EXERCISE MATERIALS —

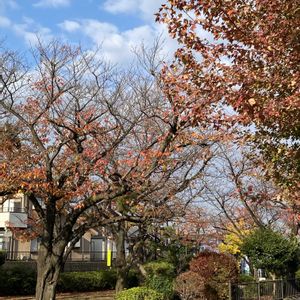 おはようございます💐 今朝の散歩道から見た景色です♪ 秋らしい鱗雲に桜やトウカエデの紅葉🍁が映えますねー♪🎶
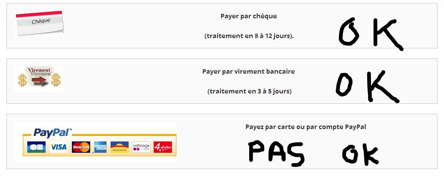 neomega Posted September 25, 2013 Share Posted September 25, 2013 bonjour, j’espère poster au bon endroit prestashop 1.5.5.0 si on souhaite modifier le texte ou l'image pour les autres moyens de paiement on vas dans thème --> le thème -->module -->ex: chèque -->payment.tpl et on peut modifier mais pour Paypal je ne trouve pas ou sa se trouve j'ai cherche dans : modules --> Paypal --> views --> templates --> front mais je ne trouve pas ou modifier merci d'avance pour votre aide ci joint une image au cas ou je l'aurai mal expliquer Link to comment Share on other sites More sharing options...
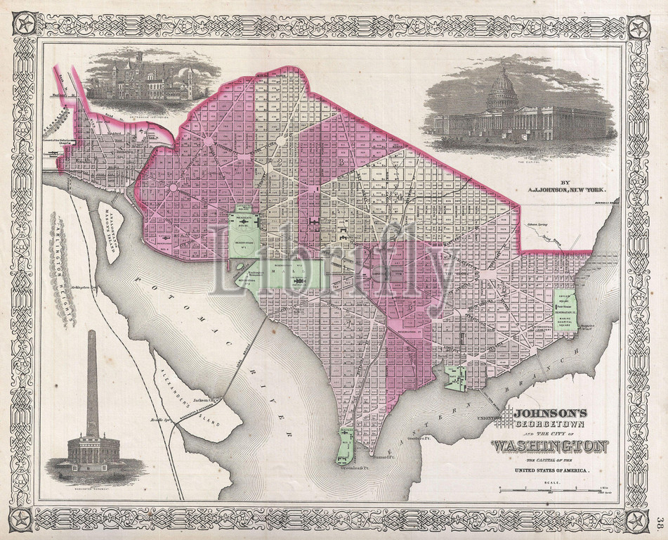 1864, Johnson Map of Washington D.C. and Georgetown
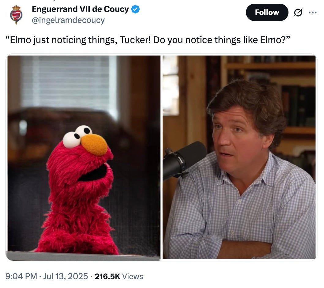 Twitter may be a shell of its former self these days, but we’ve got to admit it’s still a place for experiences you’d struggle to replicate anywhere else. Like this weekend, when the account of Sesame Street’s Elmo was hacked and the fuzzy red muppet started posting antisemitic garbage and accusing Donald Trump of being in the Epstein files. Happy Monday.
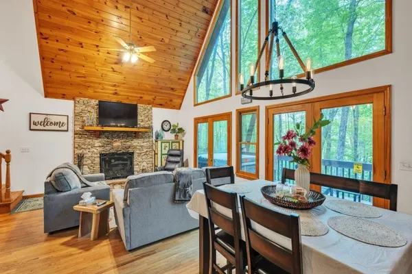 Pet Friendly w/ Fee - Direct Lake Access via a hiking trail or community stairs - 2 Canoes - 400+ Gaming cocktail table - 400+ movie library - Ring Toss - Corn Toss - Gas Grill - Large screened porch - Large open patio with private Hot Tub - Fire Pit - Boating, Fishing, Waterskiing, Paddleboarding and more can be enjoyed on beautiful Lake Apalachia. Families and friend groups with an adventurous spirit will love enjoying uninterrupted serenity and year-round outdoor attractions at the ‘Apalachia Lake House!’Bedroom 1: Queen Bed | Bedroom 2: Queen Bed | Game Room (Loft): Trundle Day Bed (2 Twins)INDOOR LIVING:Cathedral ceilings w/ floor-to-ceiling windows, lake and forest views, 3 flat-screen TVs, StarLink WiFi, great for zoom calls and streaming, 3 Blu-ray DVD players, video library (400+ movies), wood-burning fireplace, game room w/ cocktail arcade system (400+ games), books & board games, corn toss and the famous ring game.OUTDOOR LIVING:Private canoe launch w/ area to moor personal boat (must bring your own mooring equipment), paddles & various life-jacket sizes, screened-in porch w/ hammock chairs, outside dining table and seating areas, swing bench, ceiling fans in living/dining areas, an additional private screened-in balcony (off upstairs bedroom 2) w/ seating & ceiling fan, deck w/ dining table, gas grill (gas provided), fire pit, corn hole, 5-seater hot tub w/ lounger, access to a boat ramp ~25 minutes awayKITCHEN:Fully equipped w/ blender, cooking basics, dishware/flatware, Keurig coffee maker w/ K-Cups provided, drip coffee maker, hot water pot, microwave, spices, toaster oven, newer appliances, basically anything you should need pretty much
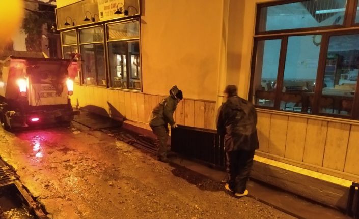 Gece yaşanan sağanak yağışla birlikte ekipler tüm bölgelerde çalışmalarını sürdürdü. Yollarda ve derelerde biriken toprak, ağaç, kütük, kaya parçalarını toplayan ve mazgal temizliği yapan ekipler geceki çalışmalarına sabah da aralıksız devam ediyor.
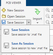 Once you have imported all the PCB databases you need, you can save the session as a '.mat' file. Click on Save Session. Saving a session saves time when restarting the App, since all the imported boards will be automatically reloaded when a session is opened.
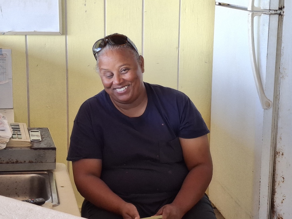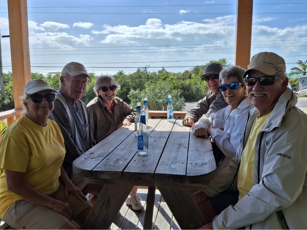 The NW wind has made the large harbor here at Thompson Bay choppy at times but we have still been able to get to shore both yesterday and today. Yesterday we dinghied into the cove with Dee & Ron and Jean & Michael and walked nearly a mile to Sou’ Side for lunch, then stopped at Hillside Food Supply for groceries. We were grateful that the stock at Hillside was much better than that at Exuma Market in George Town, where the produce section is bare at times. Early this morning we dinghied back to the cove and walked the mile to the farmers market. Once again I was pleased with my purchases—callaloo (a green similar to spinach), arugula, scallions, coconut tart, eggs, local honey, and sapodillas. I also tried a few things that were new to me—fever grass (similar to lemon grass), and Malaysian apples. Early this afternoon I baked a batch of brownies. I baked the first four brownies in the solar oven—that is all that will fit at one time—but clouds rolled in so I baked the rest in the propane oven. It is so cool here right now that we didn’t mind the extra heat in the cabin from the oven.
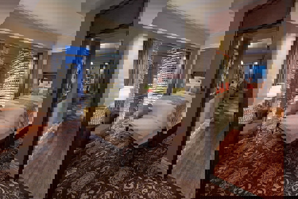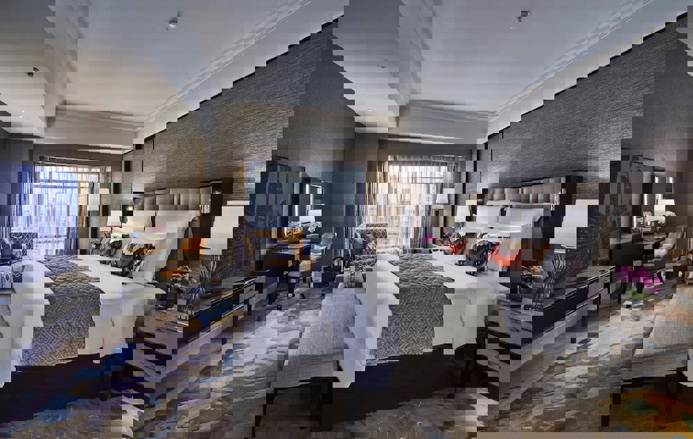 One king bed. 82 square meters (882 square feet). Views of KLCC Park. Separate lounge, dining area, and guest washroom. Contemporary, Asian-influenced decor with a glass-topped desk, a dark-wood credenza, and Malaysian-inspired artwork. DVD/CD player, minibar, in-room safe, and coffeemaker. Fax machine, complimentary wired and wireless Internet access, and two multi-line phones with voice mail. Yellow-marble bathroom with a deep tub and separate shower, black-marble vanity, bathrobes, slippers, and live plants. Complimentary turndown service, daily newspapers, and mineral water.
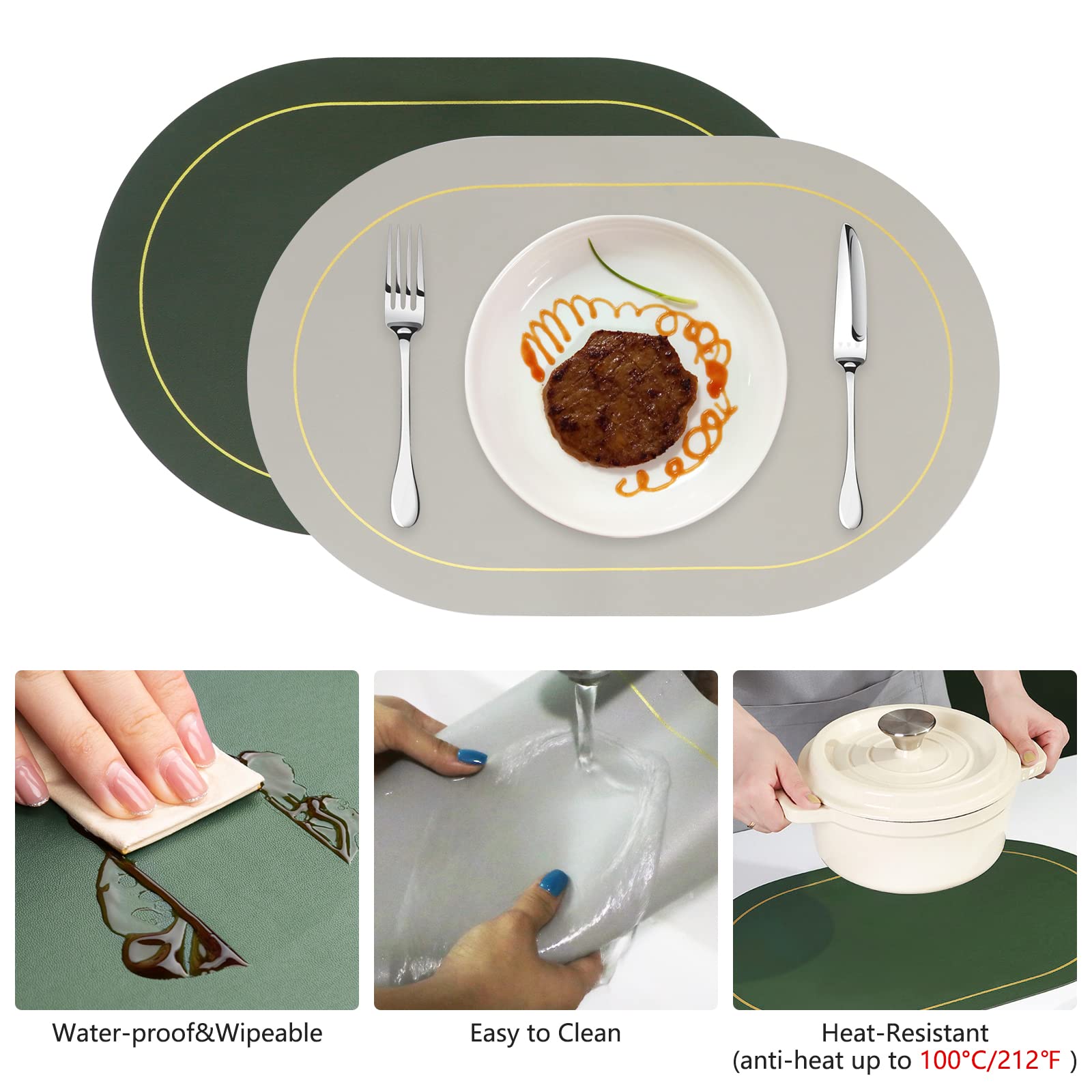 Excellente idée cadeau : le set de sets de table en cuir est un excellent cadeau de pendaison de crémaillère, de mariage ou d'anniversaire. Fabriqué en cuir synthétique de 2 mm d'épaisseur – 70 % PVC et 30 % polyester, durable, antidérapant, ignifuge, ne se décolore pas, résiste à la chaleur, sans odeur, très sûr à utiliser. DIMENSIONS : ensemble de sets de table de 4 à 19,7 pouces x 13,4 pouces (50 x 34 cm) et sont réversibles avec la même texture des deux côtés, un tapis couvrira plus de sol, de sorte que vous n'avez pas besoin de plusieurs plus petits, comme les sets de table de style rond requis Ajoutez une touche esthétique à votre table en mettant en valeur la vaisselle et les couverts. Antidérapants, ils restent bien en place même si tu tires dessus. Résistants à la chaleur jusqu'à 130°C, donc pas de souci avec les plats chauds. Imperméables... Les coins arrondis lui donnent un aspect plus élégant que certains avec des coins carrés. Deux combinaisons de couleurs au choix. Imperméable et résistant à la saleté : ces sets de table sont fabriqués en cuir synthétique, non poreux avec la reliure autour du bord, de sorte que les liquides ne pénètrent pas, imperméables, résistants à l'huile et aux taches, gardez votre table toujours propre et intacte Comme il est enroulé, les bords seront légèrement ondulés lors de la réception. Non poreux, empêche les liquides de s'infiltrer, imperméable à l'eau, pas de fuite. Ils aident à organiser visuellement une table à manger et servent de référence aux invités. Et s'ils sont gravement endommagés, ils sont beaucoup moins chers à remplacer. Les sets de table sont résistants à la chaleur et faciles à nettoyer. De même, vous devrez peut-être mettre des assiettes ou des bols chauds sur la table, ce qui peut endommager le bois ou la nappe. Vous devrez peut-être même acheter une nouvelle nappe ou faire repeindre la table. Sets De Table Réversibles En Cuir Synthétique Pour Salle à Manger Ces tapis imperméables retiennent les liquides renversés et peuvent être facilement nettoyés un par la suite. Possède une texture de surface légère qui crée un équilibre entre collant et glissant, les objets placés dessus peuvent être déplacés, mais ne glissent pas. La table peut être essuyée et la nappe jetée dans le linge et elle redevient comme neuve. Non poreux et empêchant les liquides de s'infiltrer. Chaque couleur est double face avec deux nuances différentes, de sorte que vous pouvez facilement changer votre style ou l'apparence de votre table à manger en retournant le set de table. Diese Tischsets sind hitzebeständig bis 212℉/100 ℃, aber es handelt sich nicht um ein Topflappen. Oui, vous avez besoin de ces sets de table., ., ., Grande taille : 50 x 34 cm, assez grand pour couvrir beaucoup d'espace, ce qui vous permet d'avoir de la place pour une assiette, des couverts, un bol et un verre sans qu'il soit trop plein. Nous vous recommandons d'utiliser d'abord le dos car l'autre côté est aplati pendant l'utilisation. Nous sommes heureux qu'un set de table ait préservé nos plateaux de table des accidents du vin rouge d'innombrables fois, mais c'est également un moyen peu coûteux et presque sans effort de changer la décoration de votre cuisine ou salle à manger. YOUEON Lot de 6 sets de table ronds lavables en cuir synthétique Pour éviter les plis, le colis que vous recevrez est enroulé comme indiqué sur l'image. Pour changer l'apparence de votre table à manger, il vous suffit de retourner le set de table. Facile d'entretien : les sets de table en cuir synthétique sont lavables, ne se décolorent pas, ne tachent pas. Si vous choisissez le bon tapis, même un simple repas peut être spécial Mais tous les déversements ne sont pas aussi inoffensifs. Pour le stocker, poser à plat ou enrouler, pratique pour un usage quotidien., Facile à nettoyer.
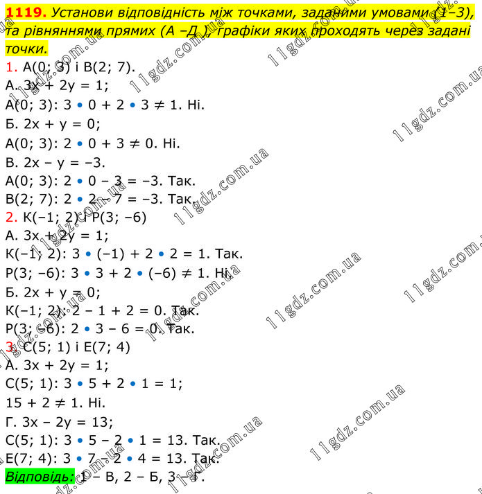 Установи відповідність між точками, заданими умовами (1–3), та рівняннями прямих (А –Д ), графіки яких проходять через задані точки. 1. А(0; 3) і В(2; 7). А. 3х + 2y = 1; А(0; 3): 3 • 0 + 2 • 3 ≠ 1. Ні. Б. 2x + y = 0; А(0; 3): 2 • 0 + 3 ≠ 0. Ні. В. 2x – y = –3. А(0; 3): 2 • 0 – 3 = –3. Так. В(2; 7): 2 • 2 – 7 = –3. Так. 2. К(–1; 2) і Р(3; –6) А. 3х + 2y = 1; К(–1; 2): 3 • (–1) + 2 • 2 = 1. Так. Р(3; –6): 3 • 3 + 2 • (–6) ≠ 1. Ні. Б. 2x + y = 0; К(–1; 2): 2 – 1 + 2 = 0. Так. Р(3; –6): 2 • 3 – 6 = 0. Так. 3. С(5; 1) і Е(7; 4) А. 3х + 2у = 1; С(5; 1): 3 • 5 + 2 • 1 = 1; 15 + 2 ≠ 1. Ні. Г. 3х – 2y = 13; С(5; 1): 3 • 5 – 2 • 1 = 13. Так. Е(7; 4): 3 • 7 – 2 • 4 = 13. Так. Відповідь: 1 – В, 2 – Б, 3 – Г.
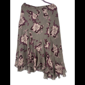 Amazing vintage 100% Silk Y2K asymmetrical ruffle floral midi skirt
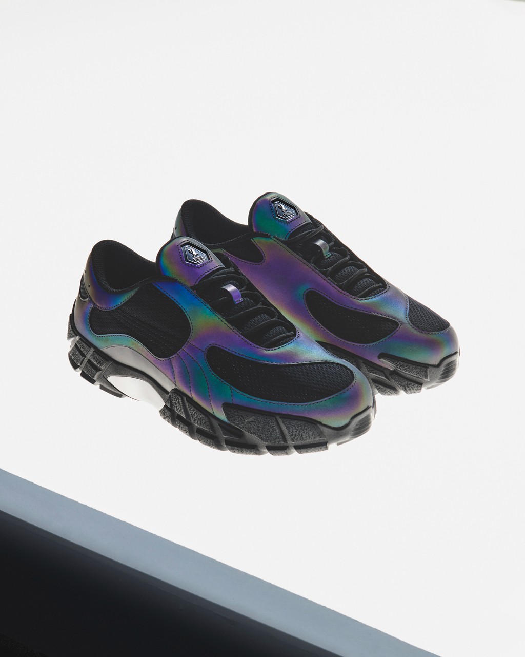 整体廓形从千禧年的流行趋势中汲取灵感,流体质感的鞋面线条刻画和全息幻彩色泽共同烘托出独特的科幻感。
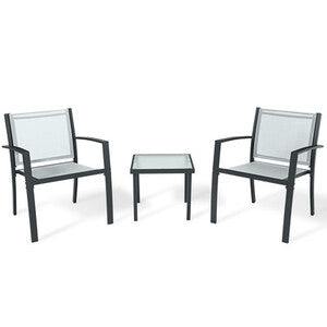 Struttura in acciaio. Seduta e schienale in textilene resistente agli agenti esterni. Composto da 2 poltrone con seduta 58 x 58 x h 75 cm e 1 tavolino 44 x 44 x h 38 cm con vetro temperato spessore 5 mm.

TASK ITEM — From the line that holds "Amazing vintage 100%" to the last line of the records, please copy each line exactly and nothing else. Pictures stay out.

RESPONSE AREA —
 Amazing vintage 100% Silk Y2K asymmetrical ruffle floral midi skirt
 整体廓形从千禧年的流行趋势中汲取灵感,流体质感的鞋面线条刻画和全息幻彩色泽共同烘托出独特的科幻感。
 Struttura in acciaio. Seduta e schienale in textilene resistente agli agenti esterni. Composto da 2 poltrone con seduta 58 x 58 x h 75 cm e 1 tavolino 44 x 44 x h 38 cm con vetro temperato spessore 5 mm.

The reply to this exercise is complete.